Interview with John Stanback author of the Wasp chess engine.
Hosted by Darius, founder of Chessengeria.com, March 2023.
„(…) I'm still having fun experimenting with changes to my NN structure and training new nets using training data from recent games.”.
John Stanback is a well-known creator of strong chess engines who has made significant contributions to the field of computer chess over several decades!
First Zarkov and then Wasp, both of these chess engines have been successful and have many fans. With his knowledge and experience in computer chess programming, John Stanback continues to push the boundaries of what is possible in this field and inspire future generations of computer chess enthusiasts.
Where did your passion for programming chess engines come from?
I've been programming chess engines since 1978. I'm not a good chess player, but I like to think up algorithms and code them. I started by writing a routine in Basic to generate moves, then wrote a text interface and had the engine make random moves. Next, I started adding some really simple evaluation heuristics and a one ply search.
And 45 years later I'm still at it :)
What are the biggest difficulties you have faced in developing chess engines?
I guess the only thing I would view as a difficulty is sometimes failing to improve playing strength after many months of trying out various ideas. Also, occasionally running out of ideas to code and test.
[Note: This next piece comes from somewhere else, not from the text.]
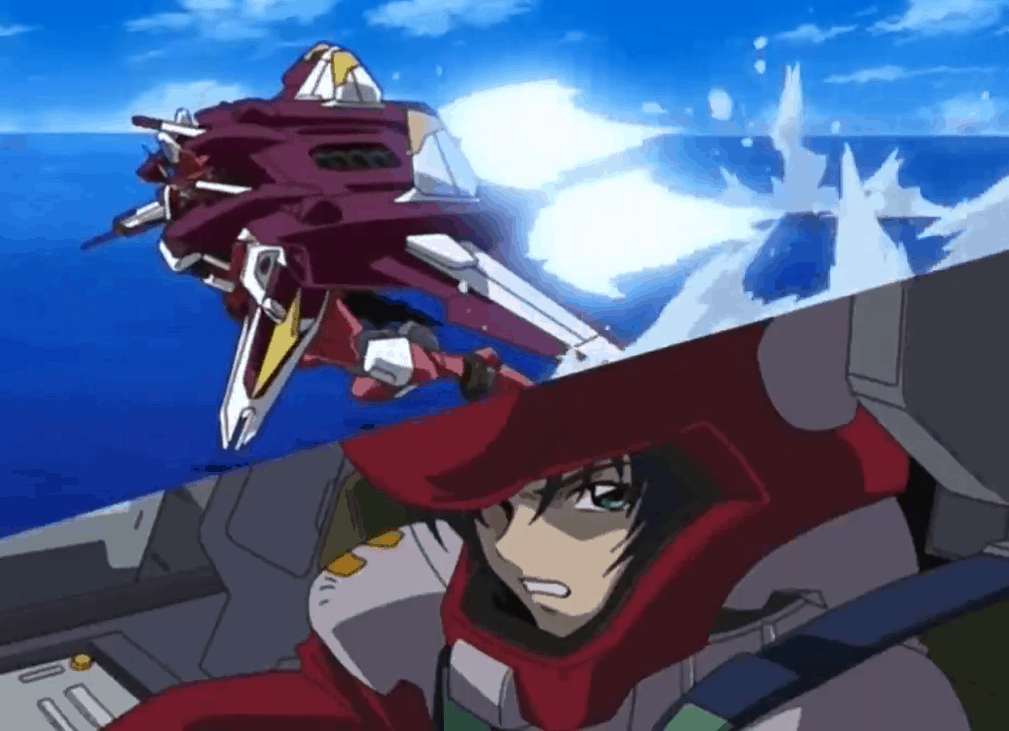 Athrun piloting the Justice using the HiMAT system.

Since I've never tried to make a living writing a chess engine, I view most obstacles as fun challenges rather than difficulties.
Are there any special algorithms or techniques that your chess engine uses to be so powerful?
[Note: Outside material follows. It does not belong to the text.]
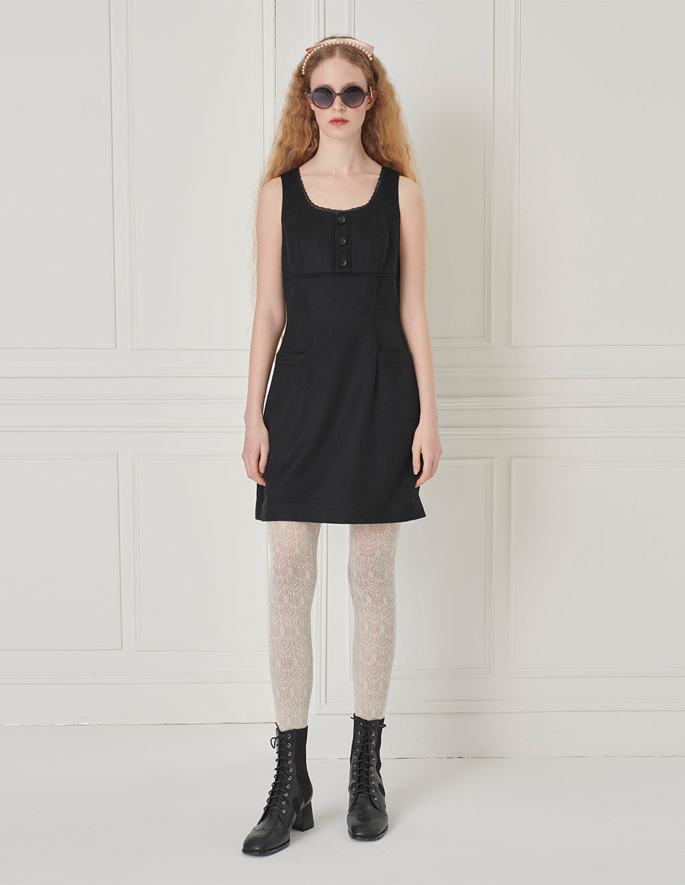 BORA AKSU Hepburn Style Acetate Patchwork Lace Trim Umbrella Dress

I don't think there is anything unusual about the algorithms I use. I rarely look at the code for other chess engines and never copy anything, but occasionally I get an idea to try out.
Artificial intelligence is a trendy and frequently used phrase. In the context of chess engines, will AI be applicable in the future ? What could be the benefits of it ?
Perhaps AI will be able to suggest better neural network architectures for chess or better ways to train the *NN.
Does your chess engine use recently trending technologies such as machine learning?
What is your experience with implementing *NNUE in your chess engine? What are the advantages and disadvantages of this technique?
I'll provide a combined response to these questions.
Wasp uses a neural network for position evaluation, as do all of the top engines today. I was amazed when Alpha Zero demonstrated how strong an engine using neural network evaluation in combination with a Monte-Carlo tree search could be, and further impressed with the huge gain in strength when Stockfish implemented the NNUE evaluation.
I thought I might be too old or not motivated enough to learn how neural networks work, but after reading just a little bit about them I started writing some functions in C to generate inputs from a board position, and do a "forward pass" to produce an evaluation.
Initially I didn't worry at all about making the routines computationally efficient. I wrote a back-propogation routine and tested and debugged it using the training positions I had been using to tune my hand-crafted evaluation and found that even a fairly small network could get within about 100 Elo of my best handcrafted evaluation.
Initially I tried using a net with 2 hidden layers, but I found that the small 2nd layer I was using didn't help at all, so I changed to a single layer. I then improved the efficiency of the network evaluation and training functions by using SIMD (single instruction, multiple data) instructions and using integers for the forward pass except during training.
I've continuously added training positions taken from games between Wasp and other engines of similar strength and scored them using a short search using the latest NN evaluation. I've done a lot of experimenting with various training parameters such as minibatch size and learn rate and have tried to pick what works best for my engine.
What features or characteristics of your chess engine help it deal with the so-called "horizon effect" - a problem in which it is impossible/difficult to predict further best moves and game outcomes?
I don't have anything special for this. I think that today's fast CPU's and the various tree pruning techniques allow a deep enough search that horizon effect is rarely a problem. Having a stronger evaluation at the leaf nodes also helps a lot.
What are your favorite/used development tools for creating and testing the Wasp engine?
I develop under Windows using Notepad++ and use the gcc compiler from the command line, no *IDE.